WHAT IS EXPECTED: Skip all pictures, then copy the lines from the start of the data through the line with "There are three", keeping both ends.

Records contained in a dataset:
━━━━━━━━

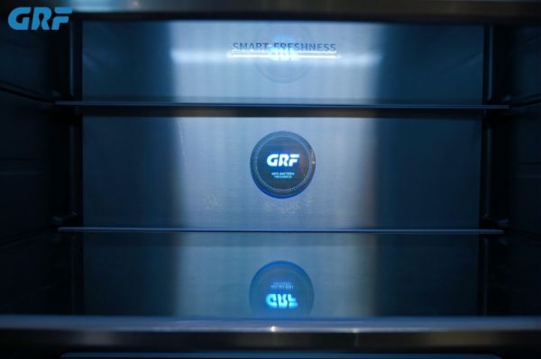 在空气质量管理方面,GRF采用阿基米德螺旋风道专利技术,实现了多风道独立循环,杜绝不同温区之间的气味交叉。风道内部更集成了净味模块,可持续分解异味分子,确保箱内空气持久清新,避免食材之间相互串味。
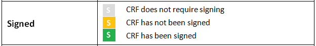 There are three possible form flags to indicate the signature status of a CRF. See the figure below and the section Signing eCRFs for additional information.
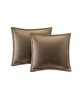| Madison Park King 1 Comforter: 110"W x 96"L 2 King Shams: 21"W x 37"L (2) 2 Euro Shams: 26"W x 26"L + 2"D (2) 1 Bedskirt: 78"W x 80"L + 15"D 1 Decorative Pillow: 12"W x 18"L 1 Decorative Pillow: 18"W x 18"L 1 Decorative Pillow: Dia.6.5" x 18"L COMFORTER: poly charmeuse face with quilting, brushed polyester reverse, 8oz polyfill, bar tacking SHAM: poly charmeuse with quilting, brushed polyester reverse, 4" overlap opening at back BEDSKIRT: poly charmeuse drop with pleats at each side, polyeste Traditional Style Includes 9 Piece(s) Machine wash cold, gentle cycle, and separately. Do not bleach. Tumble dry low, remove promptly. Do not iron. If there is no free movement in the washer or dryer, use large capacity commercial washer/dryer. For the more traditional bedroom, spruce up your décor with a pop of color in the Juliana Comforter Set. Made from polyester quilted charmeuse, this decorative collection features chocolate brown, light blue and ivory accents. Includes three decorative pillows which play up embroidered details for a finished look. Two euro shams give a dramatic backdrop to this striking collection. |
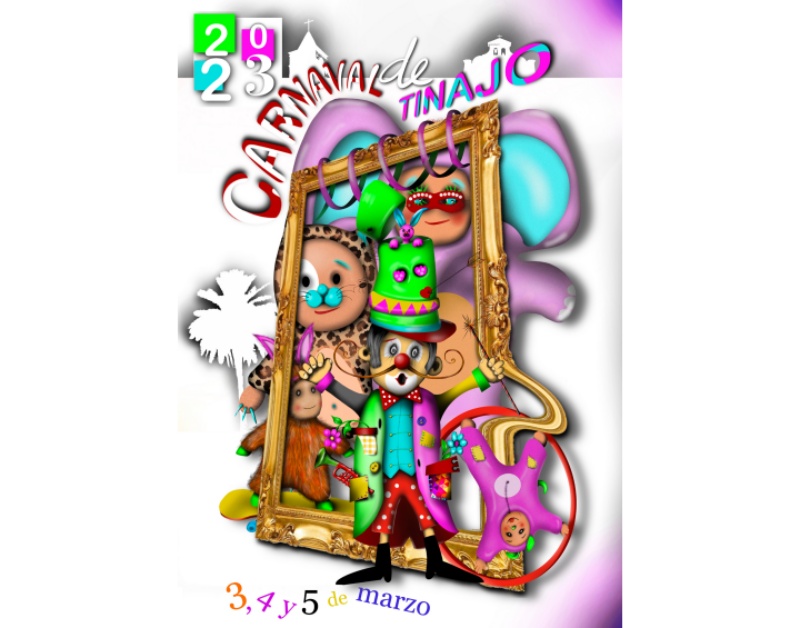 La concejalía de Festejos del Ayuntamiento de Tinajo ya cuenta con el cartel del Carnaval 2023, que tendrá lugar los días 3, 4 y 5 de marzo. La obra ha sido elegida por varios jurados, que se han decantado por la presentada por Sergio Vicente Rodríguez, que se titula "Dónde está el espejo?" representando como temática a domadores de circo.
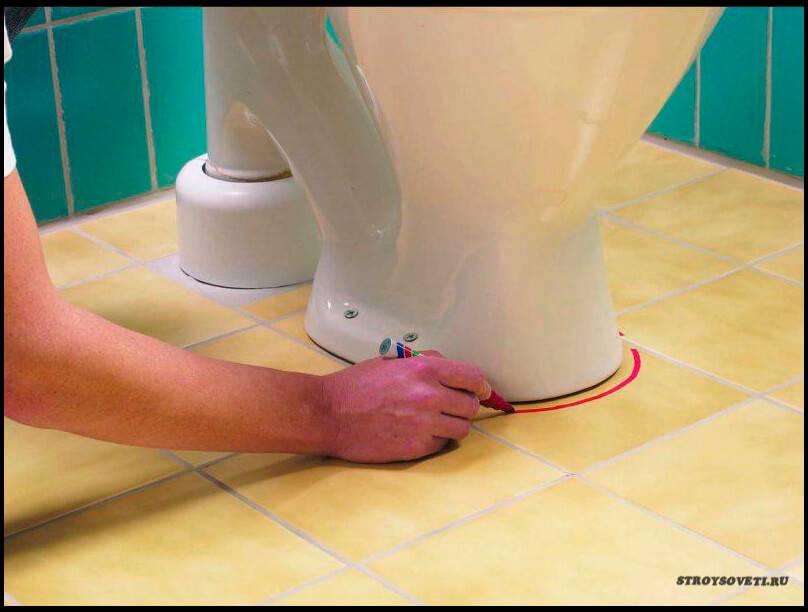 Определите точное место установки унитаза, карандашом через отверстия выполните соответствующие отметки и обведите тем же карандашом контур основания — отметка на плитке впоследствии даст возможность без хлопот поставить его точно на место.
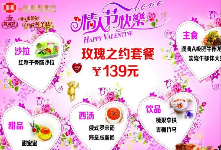 在情人節(jié)期間,餐廳可以推出情人節(jié)專屬套餐。
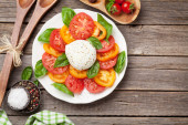 Zdjęcie "Sałatka z serem burrata i pomidorami z miejsca powyżej" może być wykorzystywane do celów osobistych i komercyjnych zgodnie z warunkami zakupionej licencji Royalty-free. Obraz jest dostępny do pobrania w jakości wysokiej rozdzielczości do 5760x3840.
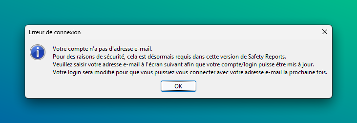 Cliquez sur OK pour être automatiquement connecté avec votre adresse e-mail dans Safety Reports.
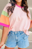 Questa maglietta oversize a blocchi di colore è perfetta per il tempo libero, le vacanze o le giornate casual in città.
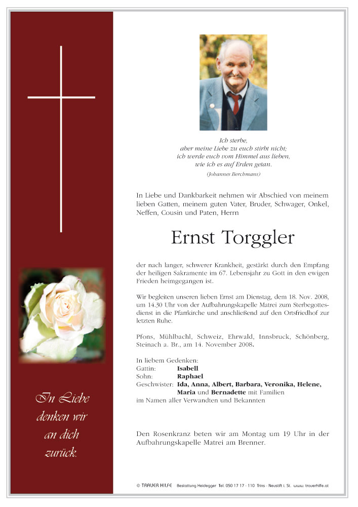 Bestattung wurde durchgeführt von: Karl Neurauter Karl Neurauter Bestattung Heidegger Brennerstraße 69 6150 - Steinach am Brenner Tel.: 05275 5211 zum Bestatter
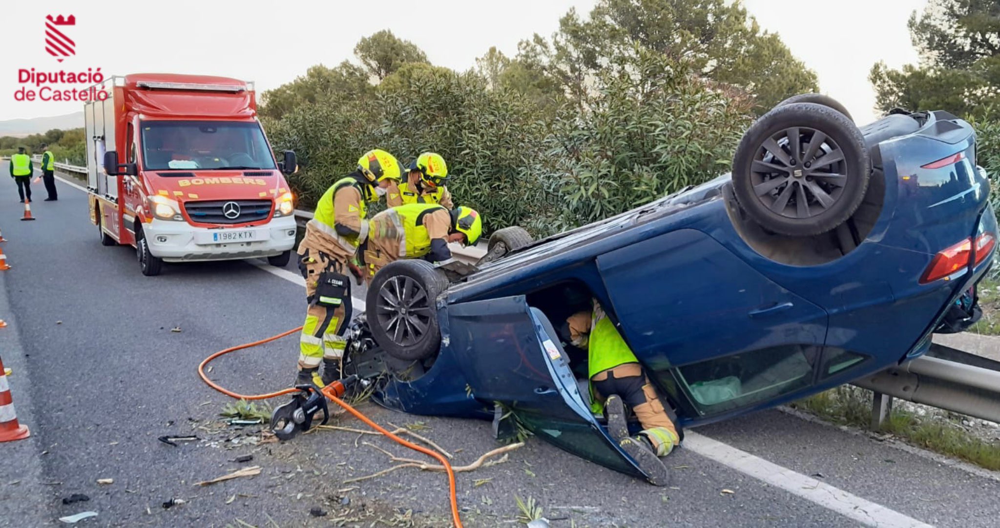 OROPESA DEL MAR – Una dotación de los Bomberos de la Diputación de Castellón, pertenecientes al parque de la Plana Alta, se ha movilizado de urgencia este lunes tras recibir el aviso de un accidente de tráfico en la autopista AP-7, dentro del término municipal de Oropesa. El incidente, que consistió en el vuelco de un turismo, generó momentos de tensión ante la posibilidad de que los pasajeros hubieran quedado atrapados en el interior del habitáculo.
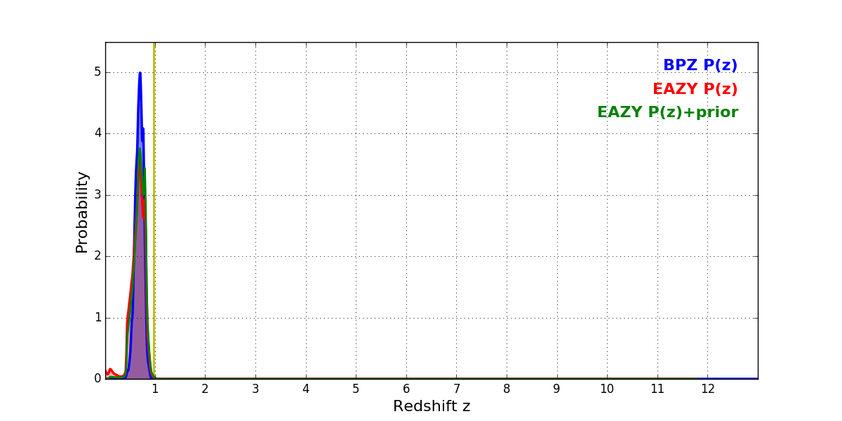 In P(z) plots: Yellow lines mark the cluster redshift z = 0.972,
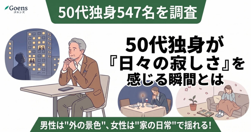 50歳以上限定のマッチングアプリ「Goens(ゴエンズ)」が行った調査では、全国のパートナーがいない50代独身男女547名を対象に、「一人の哀愁」を感じる瞬間と、新しい出会いの場に対する意識が明らかになりました。この結果から、50代独身の方々がどのような瞬間に寂しさを感じ、そしてその先にどのような行動を考えているのか、そのリアルな内面が垣間見えます。
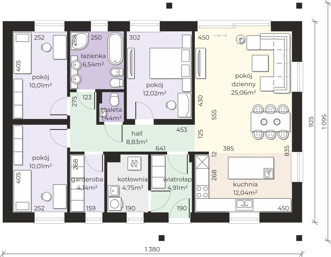 Wypełnij formularz i otrzymaj rysunki w pdf z dokładnymi wymiarami budynku i pomieszczeń (długość, szerokość, wysokość) dla projektu Dom przy Bukowej 55
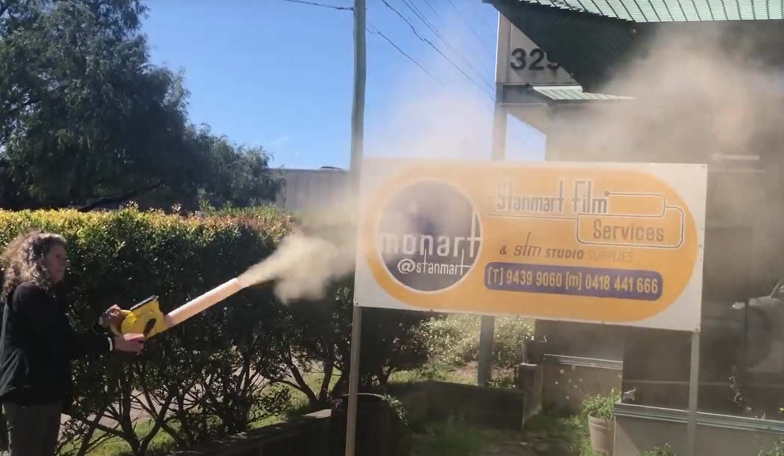 The Dustin-Mizer is ideal for on set FX, uniformly aging sets and wardrobe propelling dust 20-30 feet, also useful for dusting your tomatoes plants.

━━━━━━━━

OUTPUT:
 在空气质量管理方面,GRF采用阿基米德螺旋风道专利技术,实现了多风道独立循环,杜绝不同温区之间的气味交叉。风道内部更集成了净味模块,可持续分解异味分子,确保箱内空气持久清新,避免食材之间相互串味。
 There are three possible form flags to indicate the signature status of a CRF. See the figure below and the section Signing eCRFs for additional information.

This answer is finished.